BEGIN Stored data
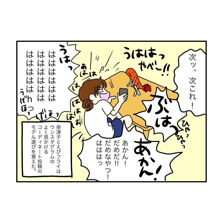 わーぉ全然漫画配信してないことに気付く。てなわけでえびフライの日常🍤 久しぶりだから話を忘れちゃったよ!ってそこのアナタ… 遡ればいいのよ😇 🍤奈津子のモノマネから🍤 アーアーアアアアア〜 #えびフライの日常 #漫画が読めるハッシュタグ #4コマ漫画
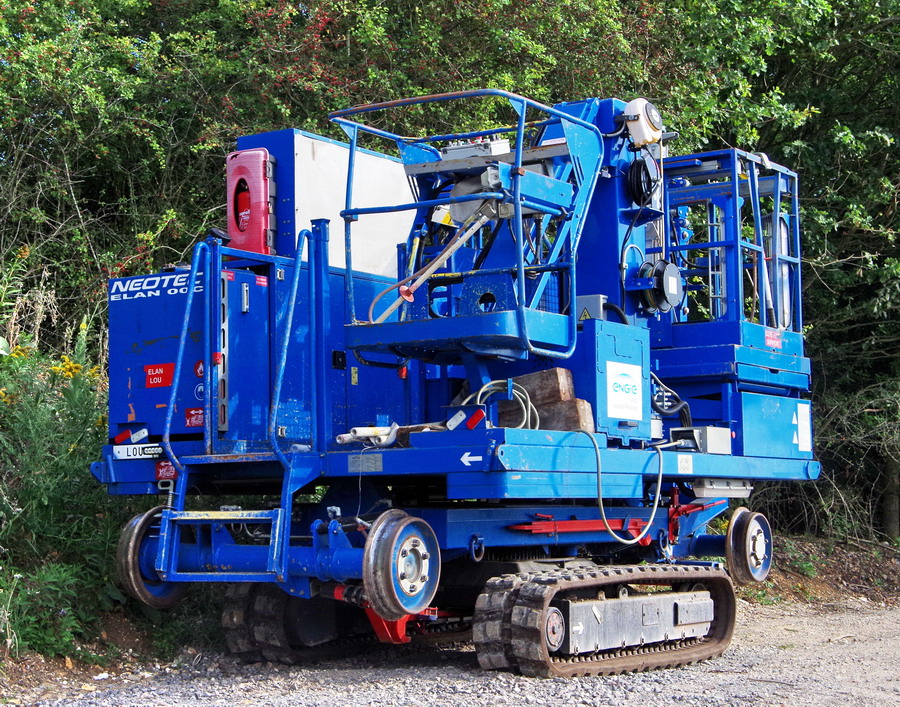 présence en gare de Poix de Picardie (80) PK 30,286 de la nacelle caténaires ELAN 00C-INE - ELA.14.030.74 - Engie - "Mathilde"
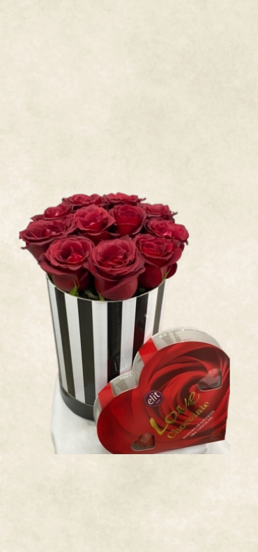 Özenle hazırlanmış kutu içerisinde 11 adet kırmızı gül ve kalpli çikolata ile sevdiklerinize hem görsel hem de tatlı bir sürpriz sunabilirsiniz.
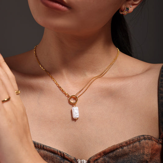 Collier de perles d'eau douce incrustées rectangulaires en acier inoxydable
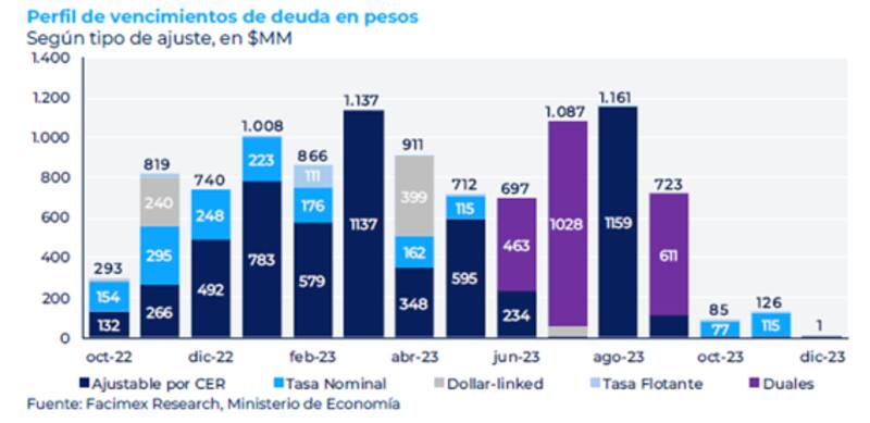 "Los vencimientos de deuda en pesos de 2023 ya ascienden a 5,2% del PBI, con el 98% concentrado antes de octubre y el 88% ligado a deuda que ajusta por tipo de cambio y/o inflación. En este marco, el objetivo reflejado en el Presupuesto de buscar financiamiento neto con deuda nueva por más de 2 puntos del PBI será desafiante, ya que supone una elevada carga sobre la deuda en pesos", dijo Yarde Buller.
END Stored data
**What the exercise asks:**
Omit every picture, then repeat the remaining data exactly as it appears above.

**Response for this exercise:**
 わーぉ全然漫画配信してないことに気付く。てなわけでえびフライの日常🍤 久しぶりだから話を忘れちゃったよ!ってそこのアナタ… 遡ればいいのよ😇 🍤奈津子のモノマネから🍤 アーアーアアアアア〜 #えびフライの日常 #漫画が読めるハッシュタグ #4コマ漫画
 présence en gare de Poix de Picardie (80) PK 30,286 de la nacelle caténaires ELAN 00C-INE - ELA.14.030.74 - Engie - "Mathilde"
 Özenle hazırlanmış kutu içerisinde 11 adet kırmızı gül ve kalpli çikolata ile sevdiklerinize hem görsel hem de tatlı bir sürpriz sunabilirsiniz.
 Collier de perles d'eau douce incrustées rectangulaires en acier inoxydable
 "Los vencimientos de deuda en pesos de 2023 ya ascienden a 5,2% del PBI, con el 98% concentrado antes de octubre y el 88% ligado a deuda que ajusta por tipo de cambio y/o inflación. En este marco, el objetivo reflejado en el Presupuesto de buscar financiamiento neto con deuda nueva por más de 2 puntos del PBI será desafiante, ya que supone una elevada carga sobre la deuda en pesos", dijo Yarde Buller.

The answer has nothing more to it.